Try it — The answer should hold only the lines from the one containing "Почесною грамотою Гевода" through the one containing "メーカーの担当者が新規で金型" in the entries below, copied exactly, without pictures.
[Source material — start]
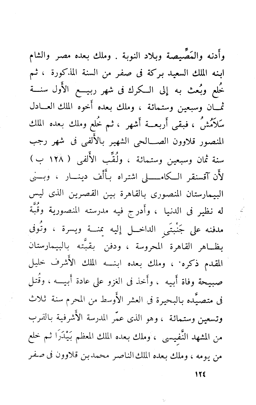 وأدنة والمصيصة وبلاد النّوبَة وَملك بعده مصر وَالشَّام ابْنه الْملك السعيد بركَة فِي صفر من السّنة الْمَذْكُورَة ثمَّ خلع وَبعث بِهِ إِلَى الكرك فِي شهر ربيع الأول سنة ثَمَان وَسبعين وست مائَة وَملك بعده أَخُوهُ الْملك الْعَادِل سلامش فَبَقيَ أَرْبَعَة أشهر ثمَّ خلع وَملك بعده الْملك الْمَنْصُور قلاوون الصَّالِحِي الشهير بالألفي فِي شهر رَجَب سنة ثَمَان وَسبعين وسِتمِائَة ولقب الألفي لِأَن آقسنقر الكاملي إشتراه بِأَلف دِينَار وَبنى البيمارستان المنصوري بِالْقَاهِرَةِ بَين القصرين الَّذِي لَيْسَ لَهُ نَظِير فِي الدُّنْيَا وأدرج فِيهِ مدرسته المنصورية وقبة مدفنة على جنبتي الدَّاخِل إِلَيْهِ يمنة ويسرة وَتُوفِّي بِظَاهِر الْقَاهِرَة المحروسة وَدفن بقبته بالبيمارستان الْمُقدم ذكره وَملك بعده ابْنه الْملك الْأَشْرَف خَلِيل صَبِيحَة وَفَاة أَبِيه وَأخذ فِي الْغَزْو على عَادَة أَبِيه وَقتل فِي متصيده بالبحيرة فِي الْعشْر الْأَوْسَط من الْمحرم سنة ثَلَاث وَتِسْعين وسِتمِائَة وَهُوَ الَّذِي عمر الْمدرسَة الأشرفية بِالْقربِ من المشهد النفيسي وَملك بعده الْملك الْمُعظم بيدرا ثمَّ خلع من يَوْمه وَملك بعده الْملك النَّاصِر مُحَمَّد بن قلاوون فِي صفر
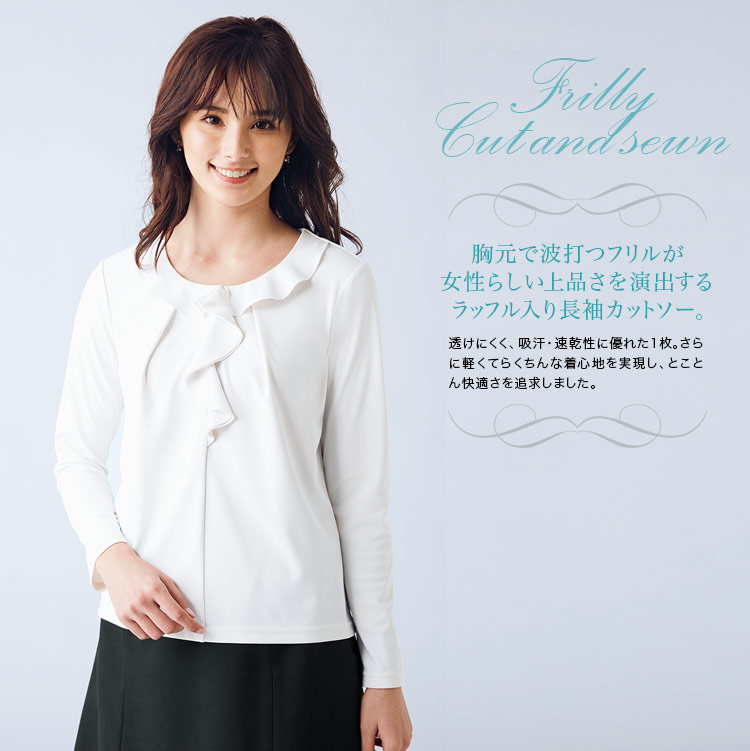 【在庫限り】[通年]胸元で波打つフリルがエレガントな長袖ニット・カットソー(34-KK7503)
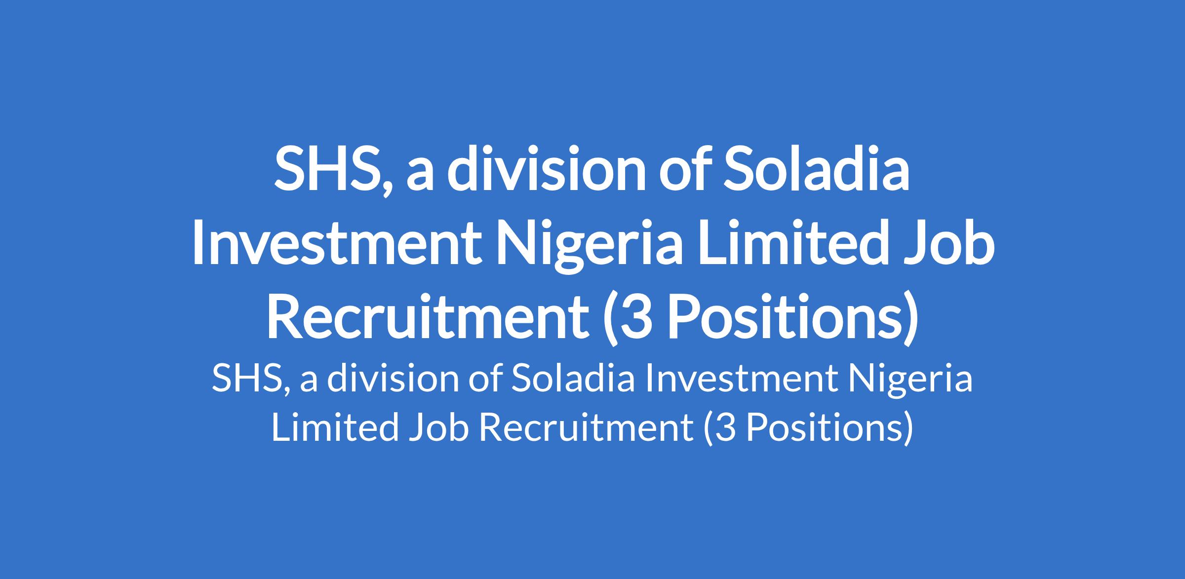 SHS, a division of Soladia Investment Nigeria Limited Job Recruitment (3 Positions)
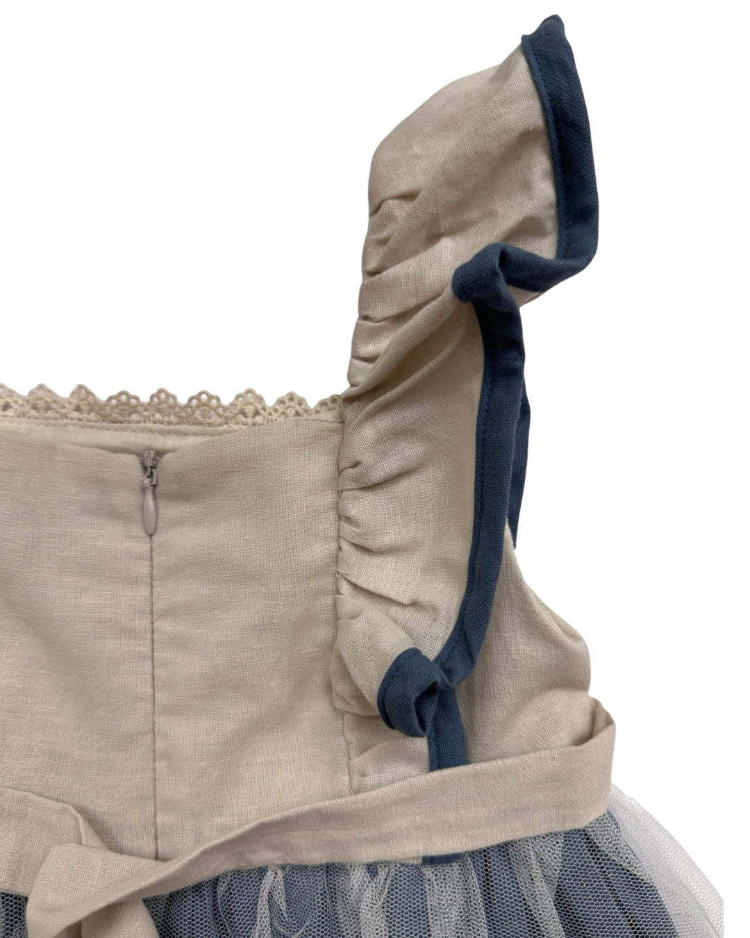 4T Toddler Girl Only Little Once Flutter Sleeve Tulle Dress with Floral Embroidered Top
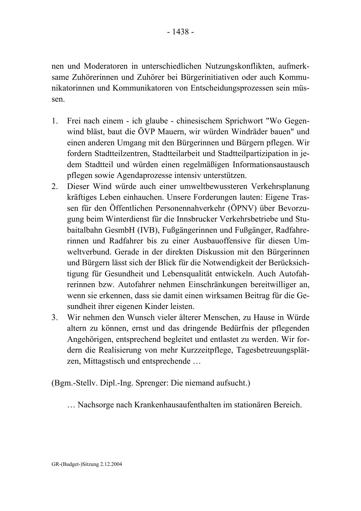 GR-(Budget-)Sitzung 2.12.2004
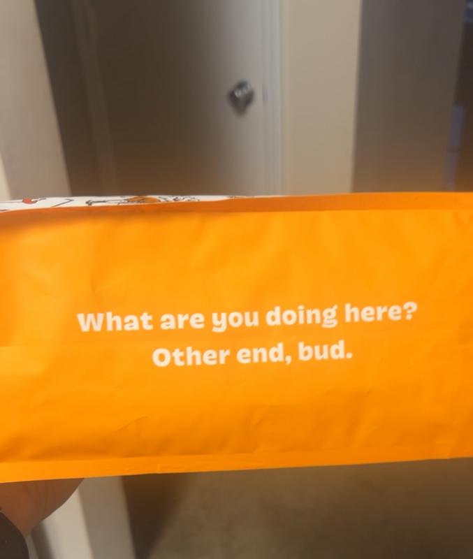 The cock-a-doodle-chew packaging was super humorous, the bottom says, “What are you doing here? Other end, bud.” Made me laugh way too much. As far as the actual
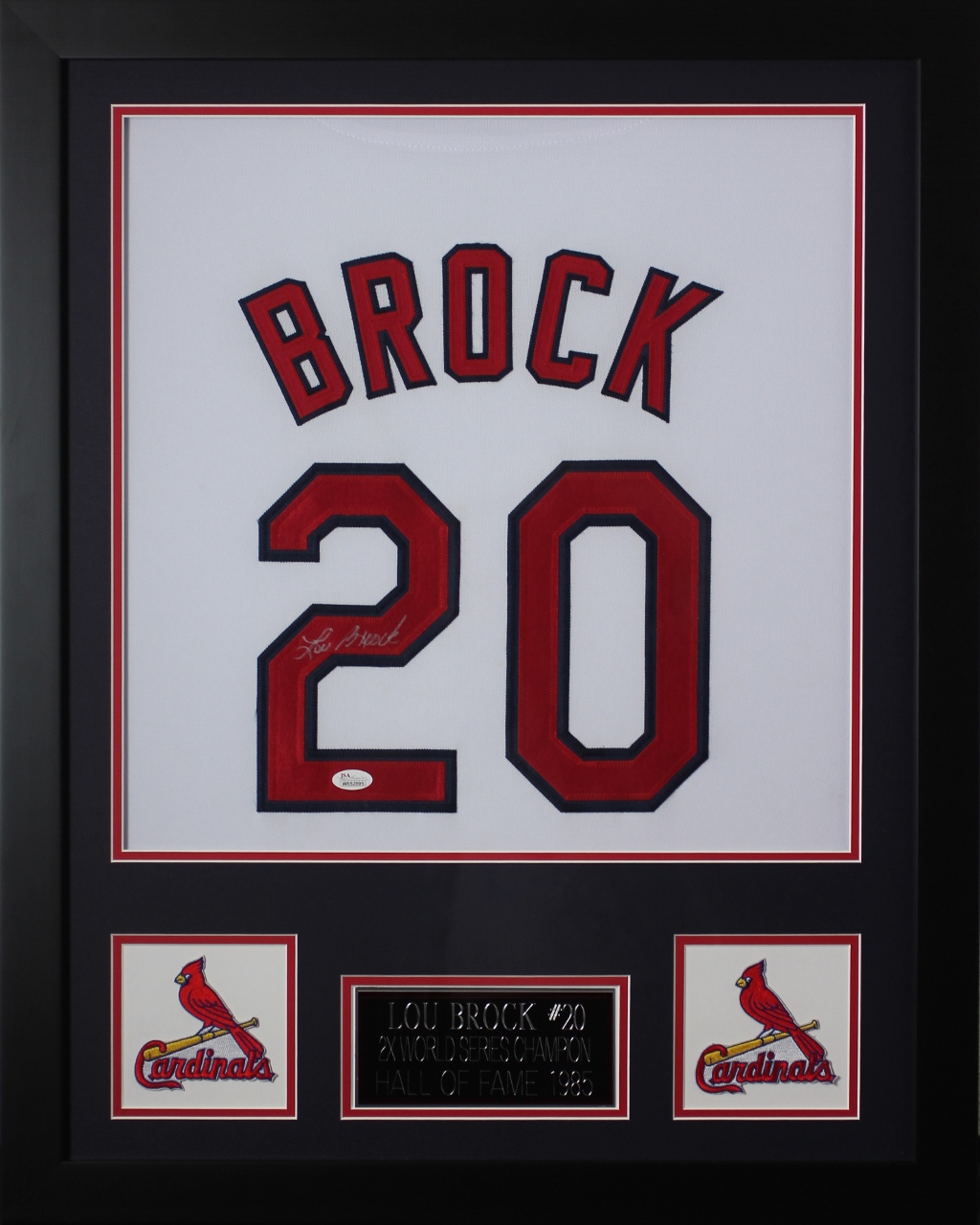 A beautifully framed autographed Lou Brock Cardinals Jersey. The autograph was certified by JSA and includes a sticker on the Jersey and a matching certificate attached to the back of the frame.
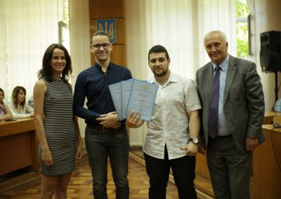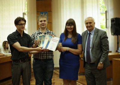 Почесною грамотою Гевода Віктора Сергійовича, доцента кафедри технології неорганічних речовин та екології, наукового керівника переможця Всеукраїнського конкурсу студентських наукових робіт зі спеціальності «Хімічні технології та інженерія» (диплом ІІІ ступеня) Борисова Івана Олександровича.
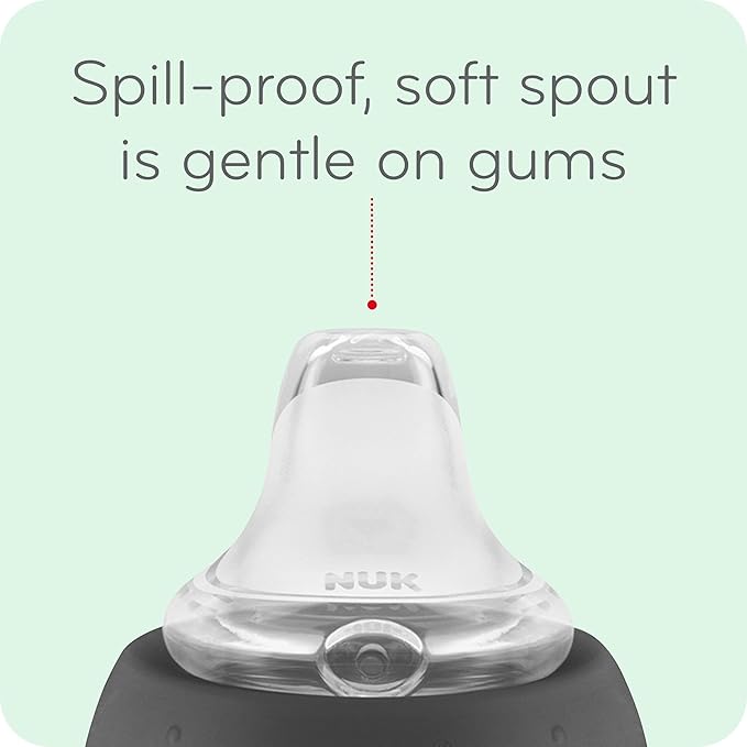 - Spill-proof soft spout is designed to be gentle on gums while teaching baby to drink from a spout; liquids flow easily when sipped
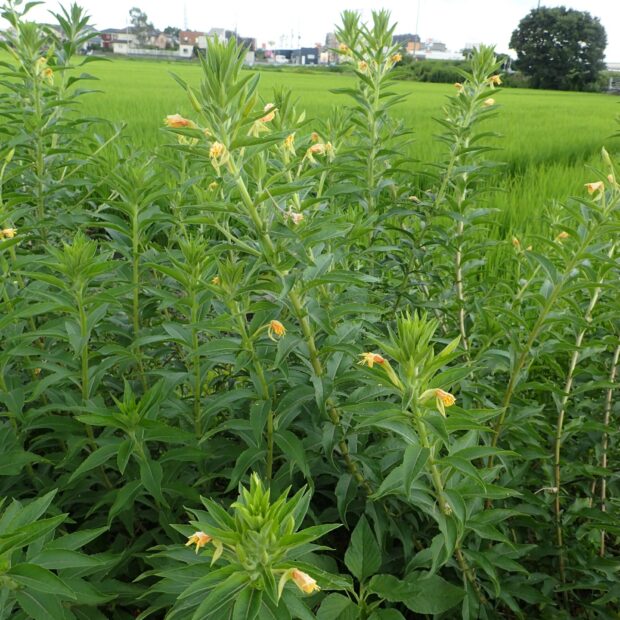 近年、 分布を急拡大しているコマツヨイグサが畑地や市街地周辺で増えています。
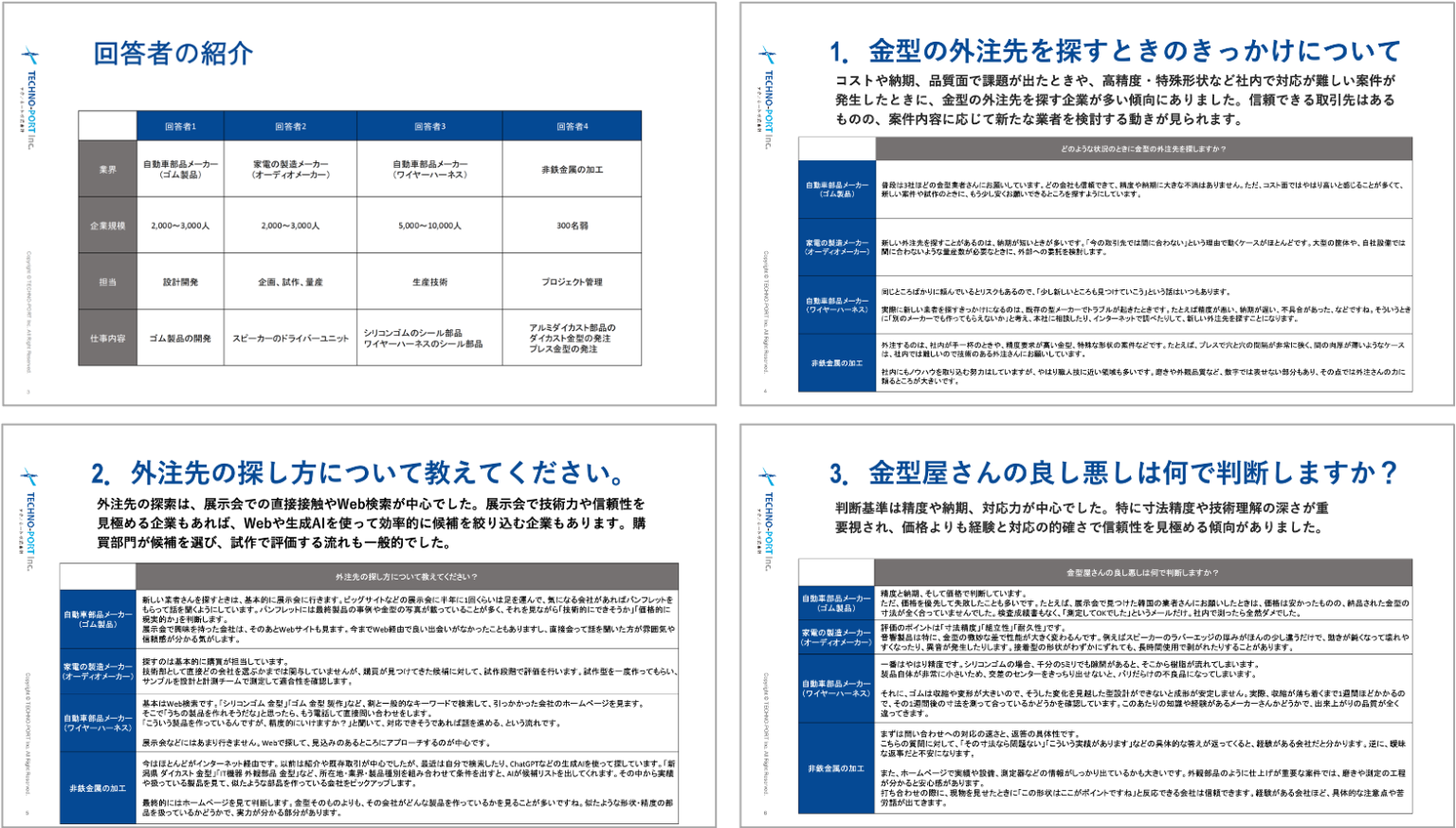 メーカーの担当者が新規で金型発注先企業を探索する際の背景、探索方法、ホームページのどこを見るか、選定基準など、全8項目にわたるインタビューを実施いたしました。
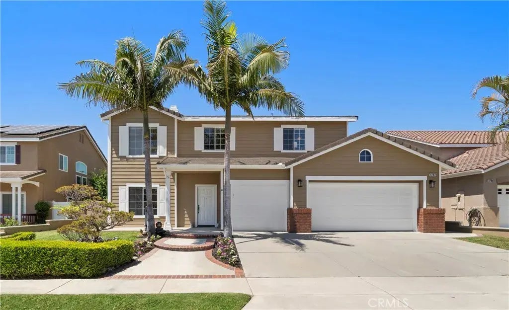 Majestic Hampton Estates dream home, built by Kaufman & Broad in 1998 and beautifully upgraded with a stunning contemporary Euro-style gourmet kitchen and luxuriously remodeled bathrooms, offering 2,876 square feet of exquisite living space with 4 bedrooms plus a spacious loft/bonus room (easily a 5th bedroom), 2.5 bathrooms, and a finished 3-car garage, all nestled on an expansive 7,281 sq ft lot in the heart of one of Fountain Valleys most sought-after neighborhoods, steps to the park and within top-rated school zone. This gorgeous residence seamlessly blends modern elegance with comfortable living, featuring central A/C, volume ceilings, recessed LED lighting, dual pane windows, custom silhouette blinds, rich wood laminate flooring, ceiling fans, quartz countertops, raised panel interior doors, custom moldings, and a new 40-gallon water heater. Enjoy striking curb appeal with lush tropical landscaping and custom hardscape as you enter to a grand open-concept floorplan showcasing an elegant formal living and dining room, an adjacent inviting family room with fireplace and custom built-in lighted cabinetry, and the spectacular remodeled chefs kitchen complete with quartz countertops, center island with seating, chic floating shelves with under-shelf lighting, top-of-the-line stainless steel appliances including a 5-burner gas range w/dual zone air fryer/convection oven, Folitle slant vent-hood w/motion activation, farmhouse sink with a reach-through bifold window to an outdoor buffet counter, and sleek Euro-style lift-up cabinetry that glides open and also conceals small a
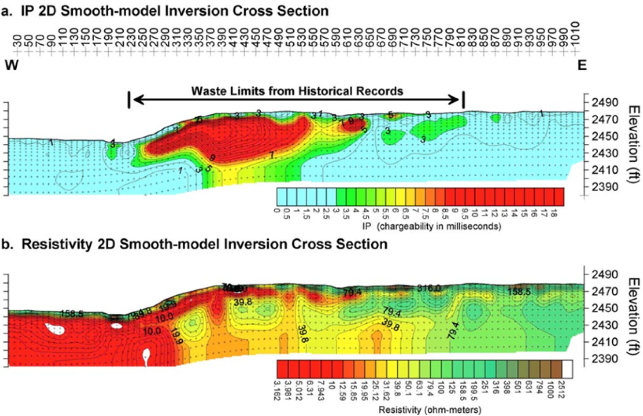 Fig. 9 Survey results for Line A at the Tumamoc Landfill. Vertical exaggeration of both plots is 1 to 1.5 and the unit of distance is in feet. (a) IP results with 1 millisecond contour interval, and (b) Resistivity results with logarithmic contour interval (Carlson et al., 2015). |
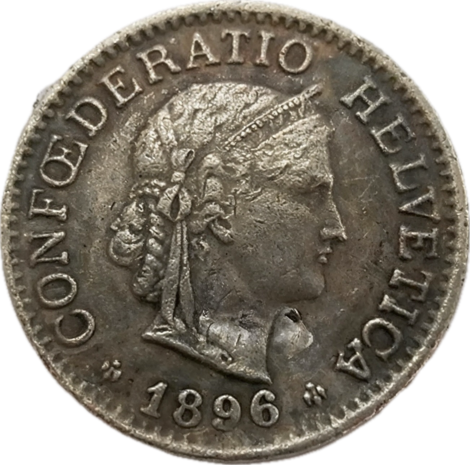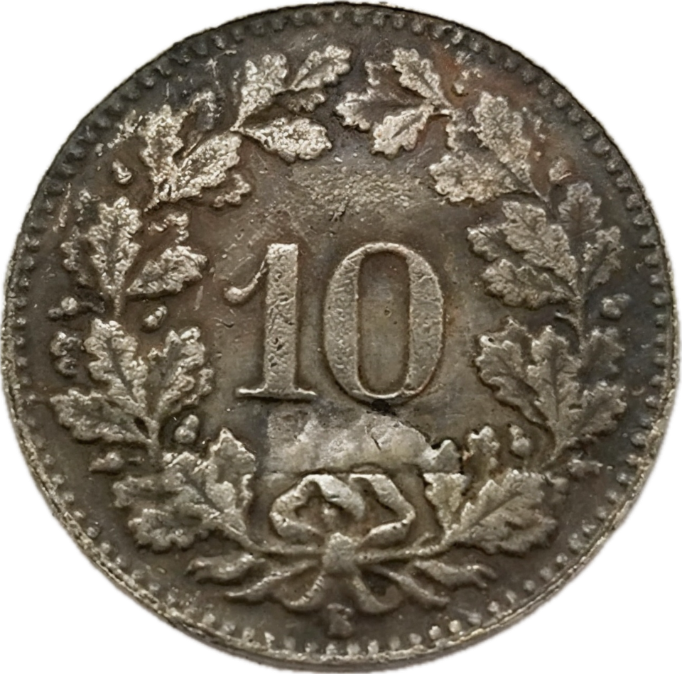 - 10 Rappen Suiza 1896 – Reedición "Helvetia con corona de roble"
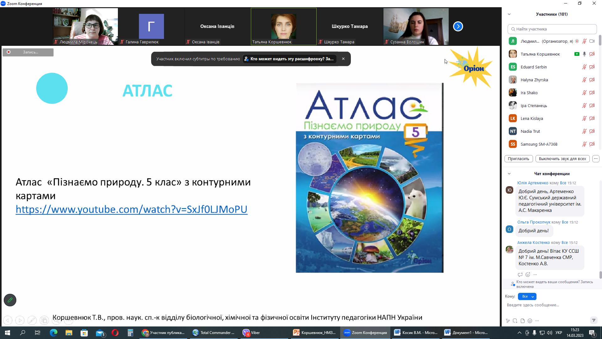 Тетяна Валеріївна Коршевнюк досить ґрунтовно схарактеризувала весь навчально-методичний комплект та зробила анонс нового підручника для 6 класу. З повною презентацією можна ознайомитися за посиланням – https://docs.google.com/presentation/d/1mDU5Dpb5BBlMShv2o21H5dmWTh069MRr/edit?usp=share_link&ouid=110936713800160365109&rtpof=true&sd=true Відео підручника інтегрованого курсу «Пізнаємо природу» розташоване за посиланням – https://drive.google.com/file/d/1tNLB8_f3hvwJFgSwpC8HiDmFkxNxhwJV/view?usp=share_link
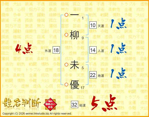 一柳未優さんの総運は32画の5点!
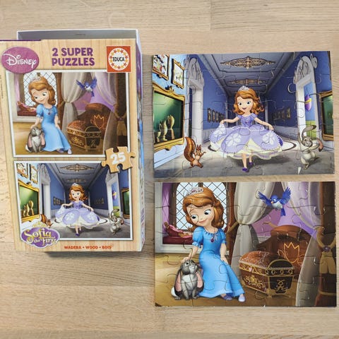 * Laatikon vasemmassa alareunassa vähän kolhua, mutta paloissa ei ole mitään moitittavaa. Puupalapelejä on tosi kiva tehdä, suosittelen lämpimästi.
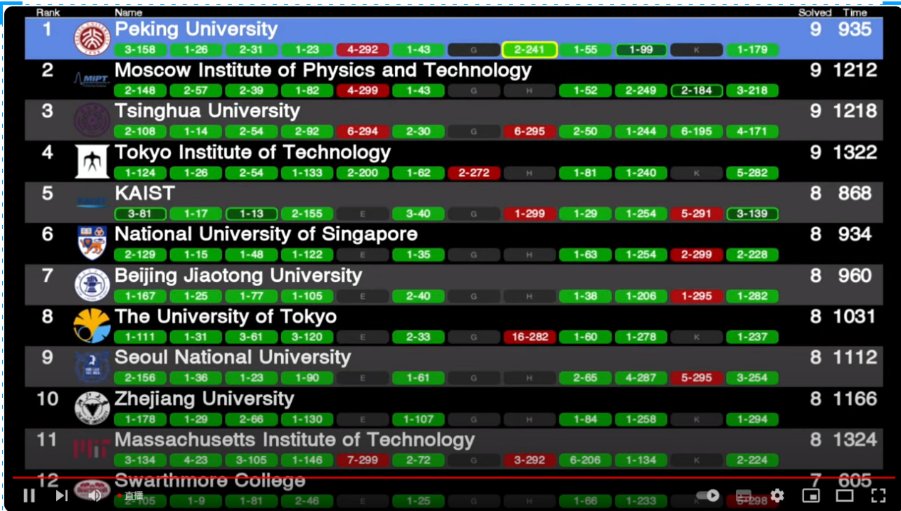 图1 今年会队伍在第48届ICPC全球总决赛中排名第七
[Source material — finish]
Answer box —
 Почесною грамотою Гевода Віктора Сергійовича, доцента кафедри технології неорганічних речовин та екології, наукового керівника переможця Всеукраїнського конкурсу студентських наукових робіт зі спеціальності «Хімічні технології та інженерія» (диплом ІІІ ступеня) Борисова Івана Олександровича.
 - Spill-proof soft spout is designed to be gentle on gums while teaching baby to drink from a spout; liquids flow easily when sipped
 近年、 分布を急拡大しているコマツヨイグサが畑地や市街地周辺で増えています。
 メーカーの担当者が新規で金型発注先企業を探索する際の背景、探索方法、ホームページのどこを見るか、選定基準など、全8項目にわたるインタビューを実施いたしました。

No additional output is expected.